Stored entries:
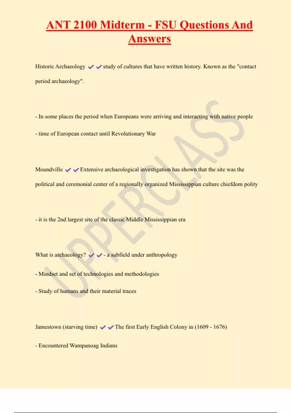 ANT 2100 Midterm - FSU Questions And Answers 2 Exam (elaborations) ANT 2100 Quiz #1 Questions And Answers 3 Exam (elaborations) ANT 2100 Final Exam Chapter 7-13 Questions And Answers 4 Exam (elaborations) ANT 2100 Final Questions And Answers 5 Exam (elaborations) Ant 2100 FSU Mehta Introduction to Archaeology Midterm (Chp 1-6) *means he said to
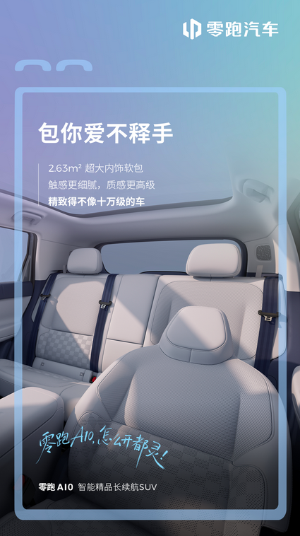 其次是触觉上的“软刀子”。零跑这次很鸡贼地公布了一个数据:2.63平方米的超大内饰软包。这个数据太有杀伤力了。十万级的车,为了抠成本,通常都是“能省则省”,手肘能碰到的地方是软的就算良心了,但零跑A10几乎把你能接触到的地方全包了。
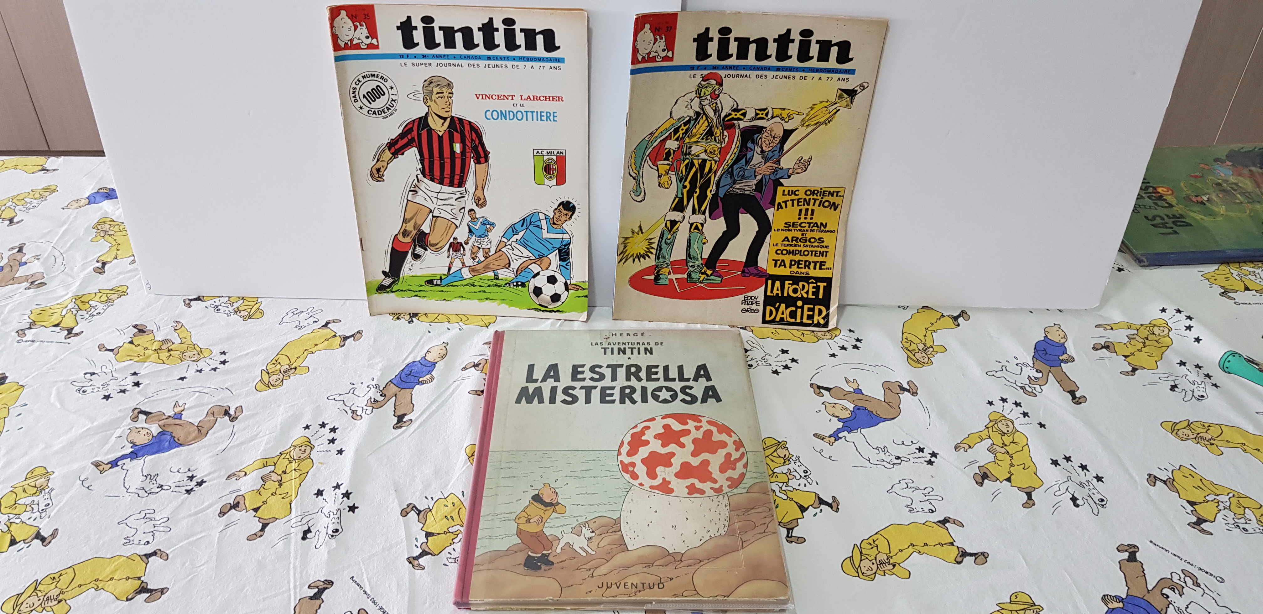 - Tot un grup de llibres en primeres edicions en castellà en molt bon estat acompanyats de revistes Tintín dels anys 1960.
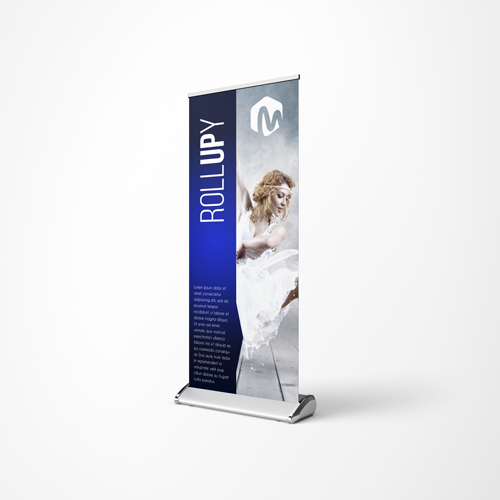To standardowy roll up drukowany na płótnie blockout. Projekt do takiego wydruku powinien być przygotowany w wymiarach Zobacz jak przygotować roll up: Cena: od 432zł
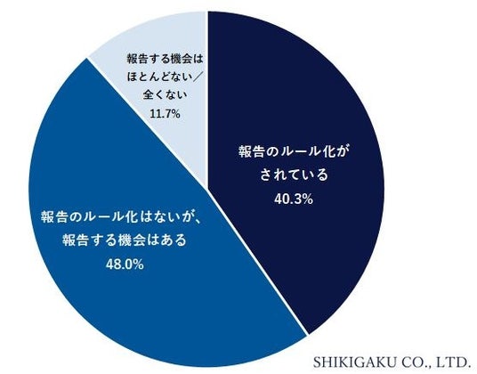 上司もしくは管理者がいる20代から50代の会社員の方に、“報告する機会”についてお聞きしました。「報告するルール化はされていないが、報告する機会はある」が最も多く48.0%で、次いで「報告することがルール化されている」40.3%と9割近くの方が“報告する機会”があるという結果でした。

> [WORK REQUEST]: Please copy every record above exactly, but leave the pictures out.

> [ANSWER FOR THIS EXERCISE]:
 ANT 2100 Midterm - FSU Questions And Answers 2 Exam (elaborations) ANT 2100 Quiz #1 Questions And Answers 3 Exam (elaborations) ANT 2100 Final Exam Chapter 7-13 Questions And Answers 4 Exam (elaborations) ANT 2100 Final Questions And Answers 5 Exam (elaborations) Ant 2100 FSU Mehta Introduction to Archaeology Midterm (Chp 1-6) *means he said to
 其次是触觉上的“软刀子”。零跑这次很鸡贼地公布了一个数据:2.63平方米的超大内饰软包。这个数据太有杀伤力了。十万级的车,为了抠成本,通常都是“能省则省”,手肘能碰到的地方是软的就算良心了,但零跑A10几乎把你能接触到的地方全包了。
 - Tot un grup de llibres en primeres edicions en castellà en molt bon estat acompanyats de revistes Tintín dels anys 1960.
To standardowy roll up drukowany na płótnie blockout. Projekt do takiego wydruku powinien być przygotowany w wymiarach Zobacz jak przygotować roll up: Cena: od 432zł
 上司もしくは管理者がいる20代から50代の会社員の方に、“報告する機会”についてお聞きしました。「報告するルール化はされていないが、報告する機会はある」が最も多く48.0%で、次いで「報告することがルール化されている」40.3%と9割近くの方が“報告する機会”があるという結果でした。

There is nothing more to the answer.